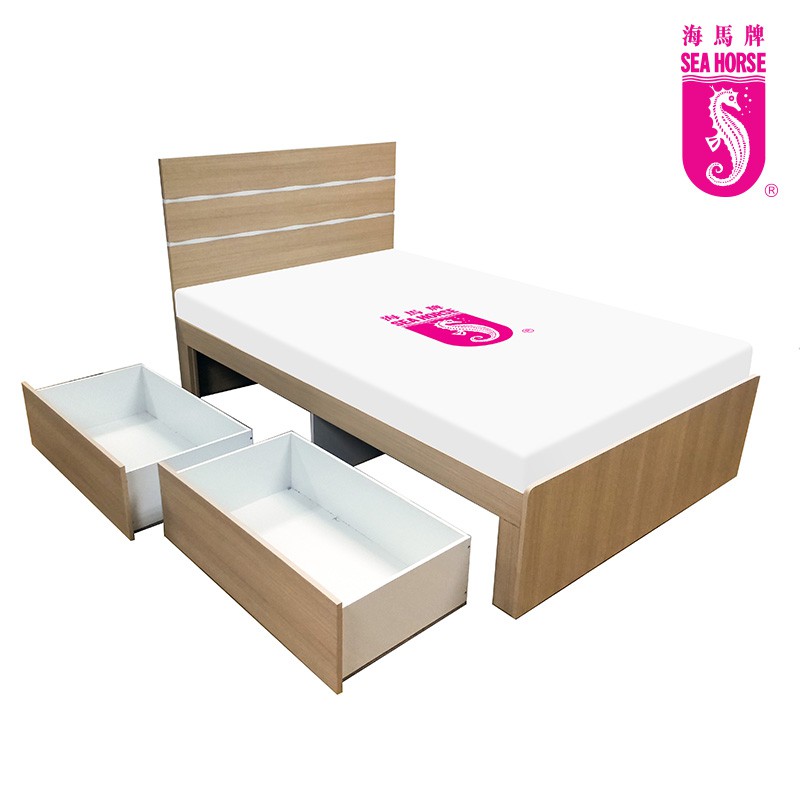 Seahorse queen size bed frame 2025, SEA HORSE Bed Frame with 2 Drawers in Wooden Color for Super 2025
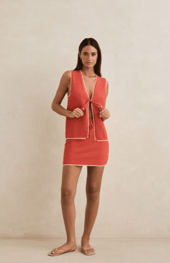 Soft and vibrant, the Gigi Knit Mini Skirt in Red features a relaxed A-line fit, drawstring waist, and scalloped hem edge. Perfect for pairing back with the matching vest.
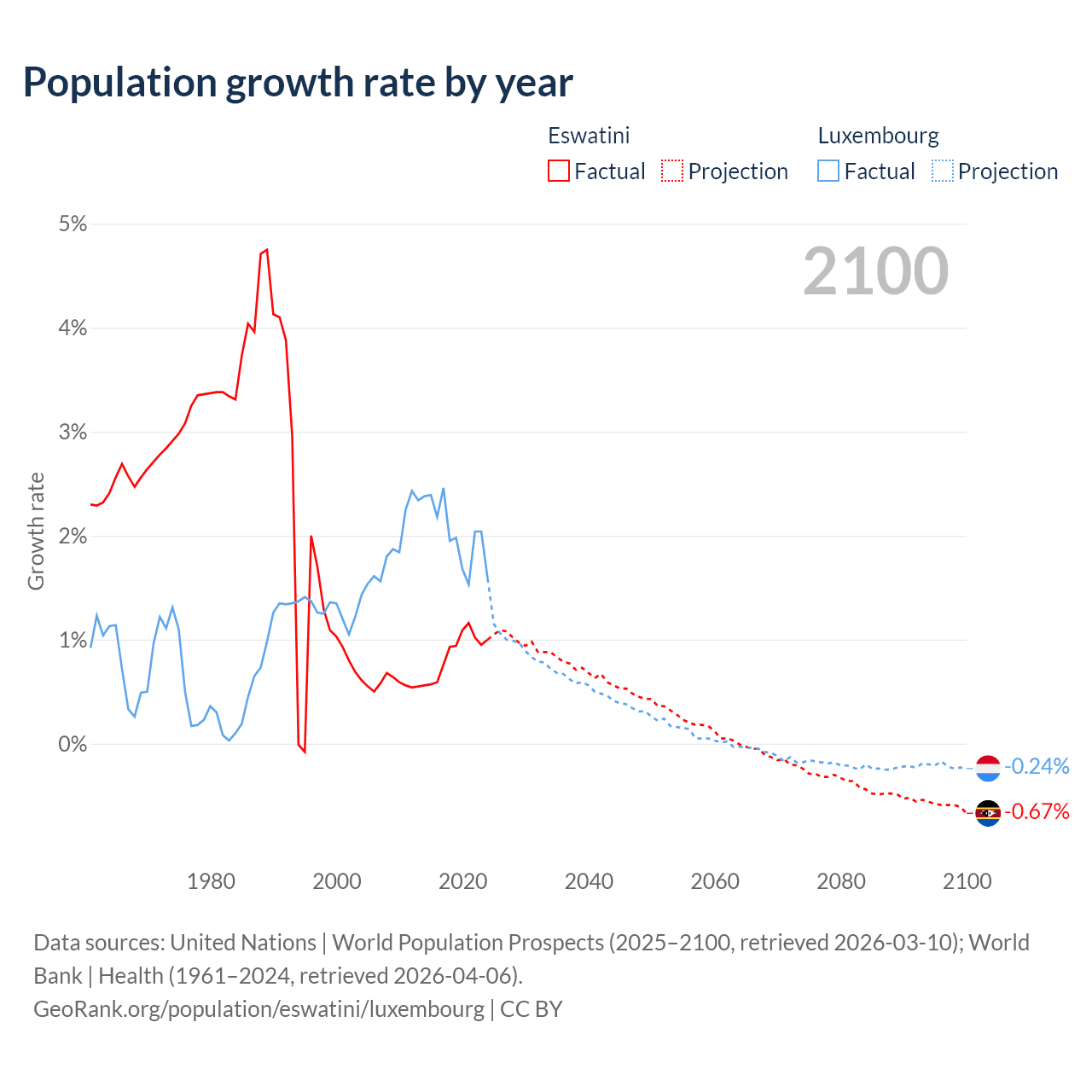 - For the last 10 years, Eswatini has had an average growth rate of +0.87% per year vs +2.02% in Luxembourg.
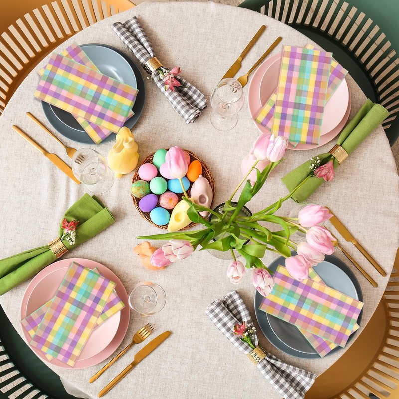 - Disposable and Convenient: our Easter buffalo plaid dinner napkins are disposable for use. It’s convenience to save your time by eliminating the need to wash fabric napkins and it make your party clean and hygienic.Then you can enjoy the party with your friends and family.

######

Try it: Give back an exact repeat of the lines from the top of the data through the line that holds "- For the last", both included, and omit pictures.

The completed task:
 Seahorse queen size bed frame 2025, SEA HORSE Bed Frame with 2 Drawers in Wooden Color for Super 2025
 Soft and vibrant, the Gigi Knit Mini Skirt in Red features a relaxed A-line fit, drawstring waist, and scalloped hem edge. Perfect for pairing back with the matching vest.
 - For the last 10 years, Eswatini has had an average growth rate of +0.87% per year vs +2.02% in Luxembourg.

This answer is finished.